**Task to complete**
Could the lines from the line bearing "据证券之星公开数据整理,近期" to the end of the records below be copied exactly, with the pictures left out and no other lines added?

**Exercise inputs**
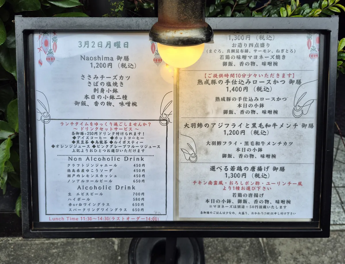 ↑↑五反田駅近くにある,瀬戸内和菜(和食)のお店。日替わりのNaoshim御膳を選択。リーズナブルに和食が楽しめます。ヱビス生ビールは,700円(ランチ価格)です。ちなみにグラスは無地ですけど“ヱビス生ビール”です。↓↓
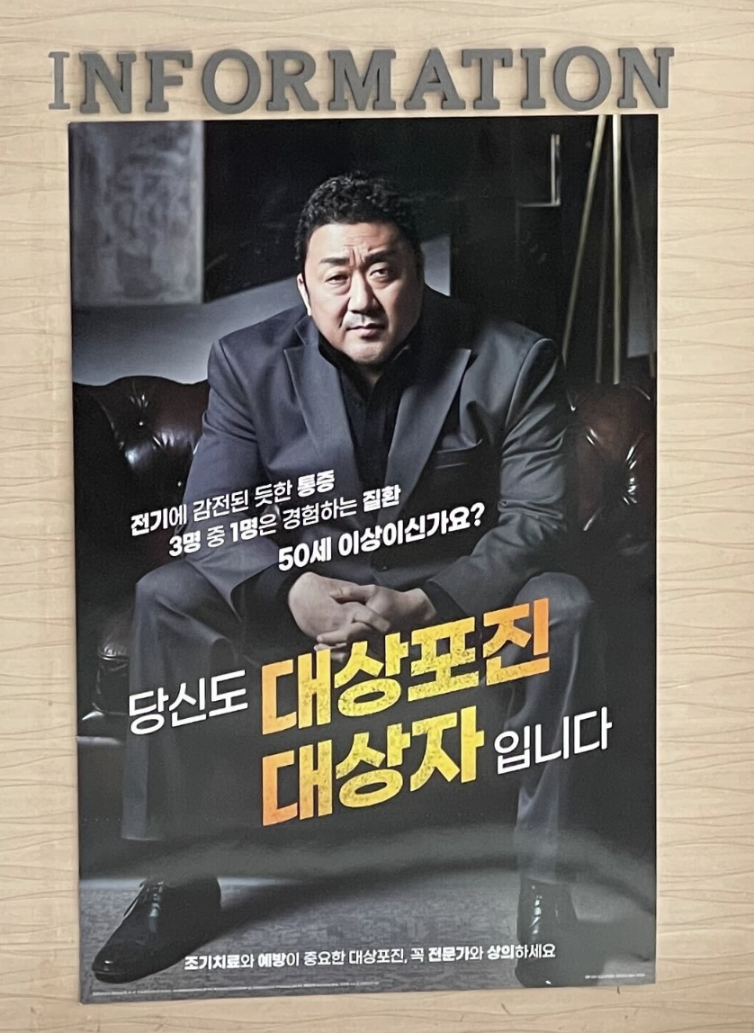 병원에 대상포진 포스터가 붙어 있었습니다. 예전에 20대 때 대상포진에 걸렸던 적이 있었습니다. 몸의 일부분에 수포가 나서 쯔쯔가무시병이 아닐까 의심도 했었지만 대상포진이었습니다. 병원에서는 생각지 못했는데 혹시 또 대상포진이 온 게 아닐까 문득 생각이 들었습니다. 다행히 수포 같은 게 보이지는 않았습니다.
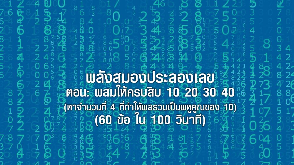 พลังสมองประลองเลข ตอน ผสมให้ครบสิบ 10 20 30 40 (60 ข้อ ใน 100 วินาที)
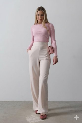 Beli Yarım Lastikli Palazzo Pantolon - Pudra
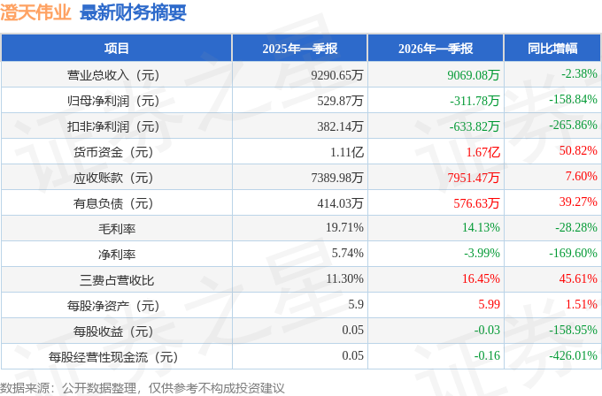 据证券之星公开数据整理,近期澄天伟业(300689)发布2026年一季报。截至本报告期末,公司营业总收入9069.08万元,同比下降2.38%,归母净利润-311.78万元,同比下降158.84%。按单季度数据看,第一季度营业总收入9069.08万元,同比下降2.38%,第一季度归母净利润-311.78万元,同比下降158.84%。本报告期澄天伟业三费占比上升明显,财务费用、销售费用和管理费用总和占总营收同比增幅达45.61%。
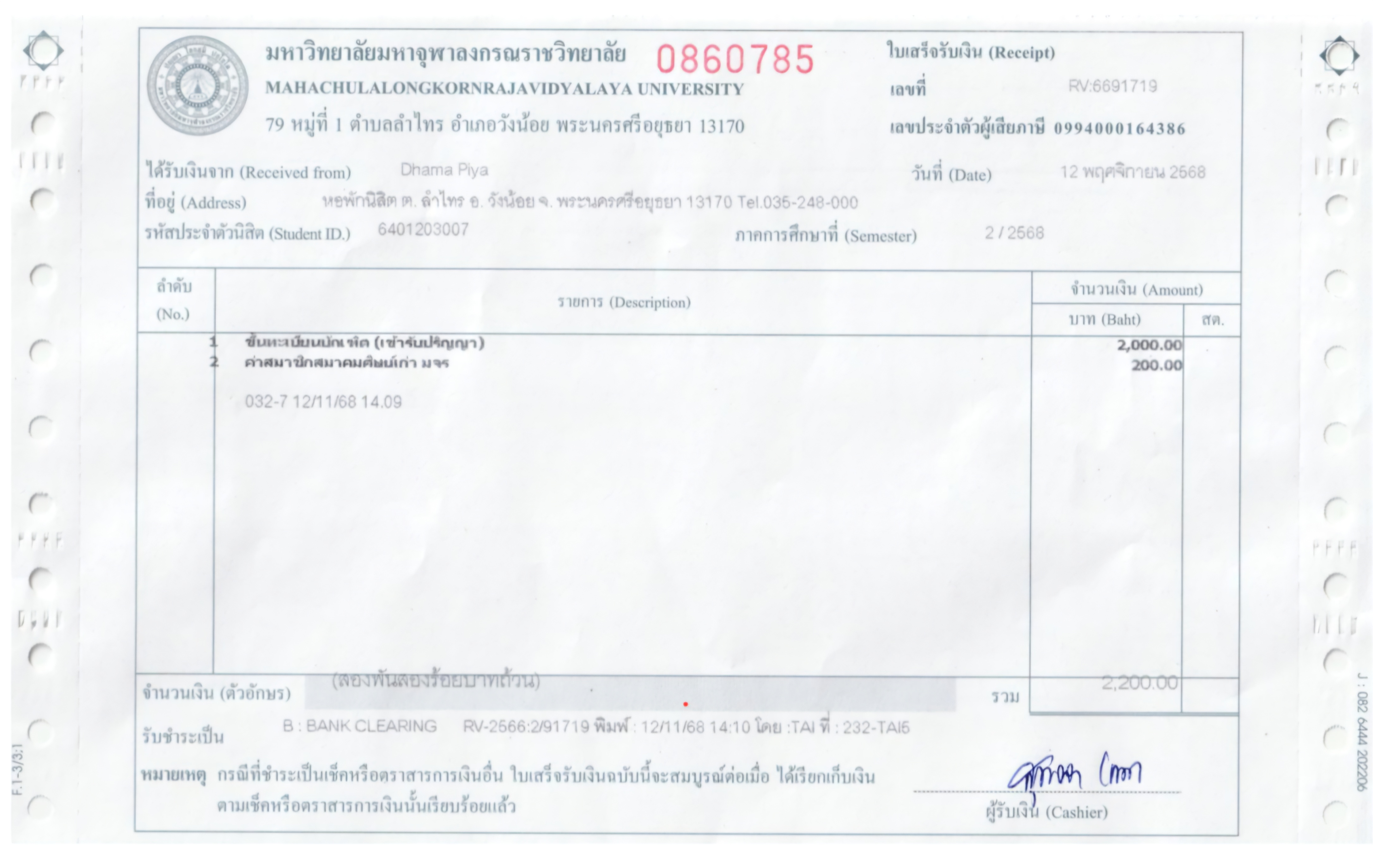 | รหัสนิสิต : 6401203007 | ชื่อ : Dhama Piya | ฉายา: - | นามสกุล: - |

**Response area**
 据证券之星公开数据整理,近期澄天伟业(300689)发布2026年一季报。截至本报告期末,公司营业总收入9069.08万元,同比下降2.38%,归母净利润-311.78万元,同比下降158.84%。按单季度数据看,第一季度营业总收入9069.08万元,同比下降2.38%,第一季度归母净利润-311.78万元,同比下降158.84%。本报告期澄天伟业三费占比上升明显,财务费用、销售费用和管理费用总和占总营收同比增幅达45.61%。
 | รหัสนิสิต : 6401203007 | ชื่อ : Dhama Piya | ฉายา: - | นามสกุล: - |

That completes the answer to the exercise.